Mülleder, M., Campbell, Okay., Matsarskaia, O., Eckerstorfer, F. & Ralser, M. Saccharomyces cerevisiae, single copy plasmids for auxotrophy compensation, multi-marker choice and neighborhood design cooperating metabolically. F1000 Res. 5, 2351 (2016).


Ralser, M. et al. A catabolic block doesn’t clarify sufficient how 2-deoxy-d-glucose inhibits cell development. Proc. Natl Acad. Sci. USA 105, 17807-17811 (2008).


Campbell, Okay. et al. Communities that set up themselves permit the cooperative change of metabolites in a eukaryote. eLife four, e09943 (2015).


Kahm, M. et al. benefit: adjustment of organic development curves with R. J. Stat. Softw. 33, 1-21 (2010).

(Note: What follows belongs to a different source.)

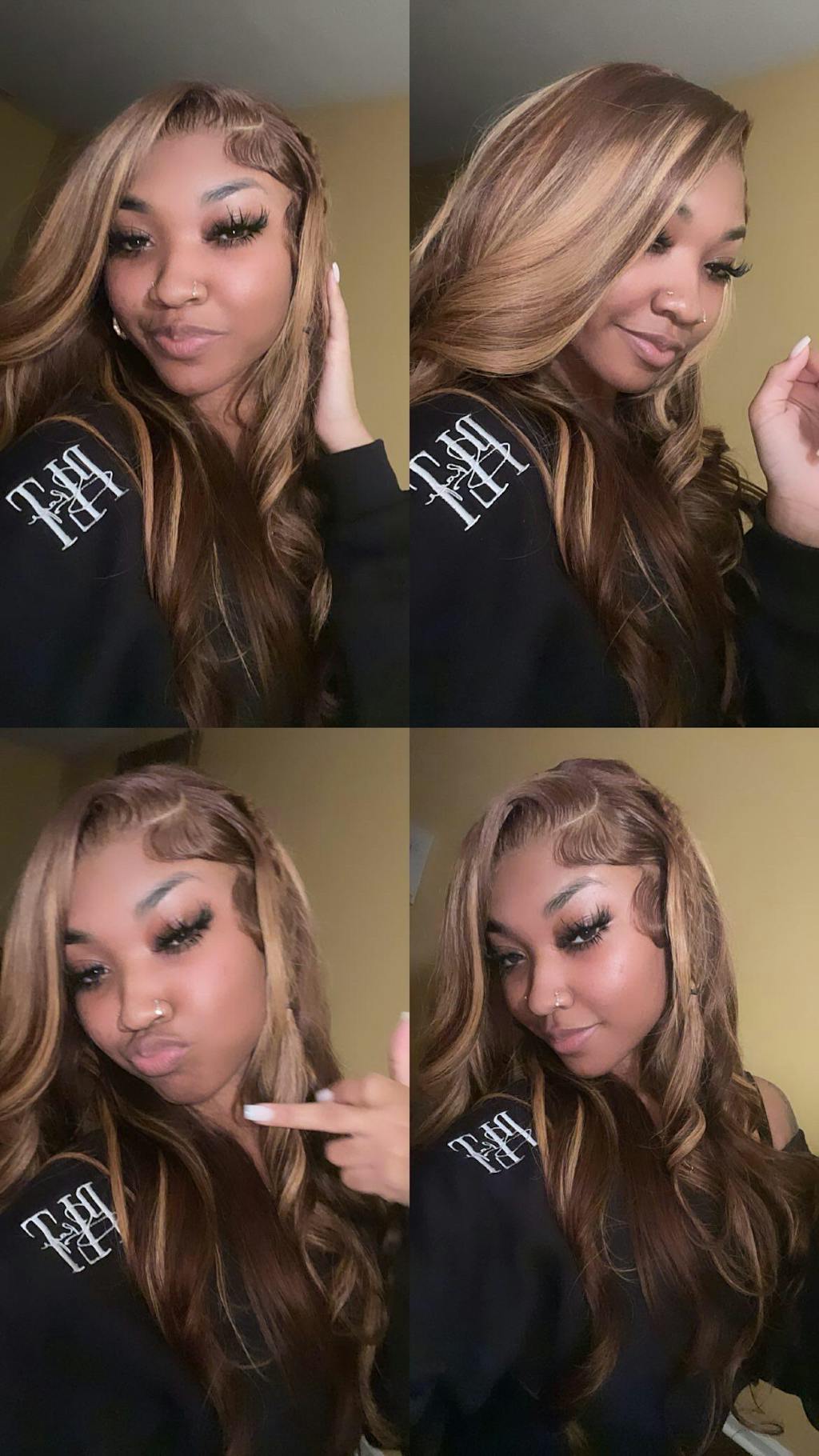 | Eigenschaften | #Perücken in Körperwellenfarben #Perücke mit honigblonden Highlights #Perücke mit Lace-Front-Highlights #schwarze Perücke mit blonden Highlights #unsichtbare Lace-Perücke |

Reyes-Becerril, M., Esteban, M.A., Tovar-Ramírez, D. and Ascencio-Valle, F. Dedication of polyamine in numerous yeast strains Debaryomyces hansenii by excessive stress liquid chromatography. Meals Chem. 127, 1862-1865 (2011).


Sasidharan, Okay., T. Soga, M. Tomita and M. D. B. An extraction protocol of yeast metabolites optimized for time collection analyzes. PLoS ONE 7, e44283 (2012).


Mo, M.L., Palsson, B.O. and Herrgård, M. J. Relating extracellular metabolomic measurements to intracellular stream states in yeast. BMC Syst. Biol. Three, 37 (2009).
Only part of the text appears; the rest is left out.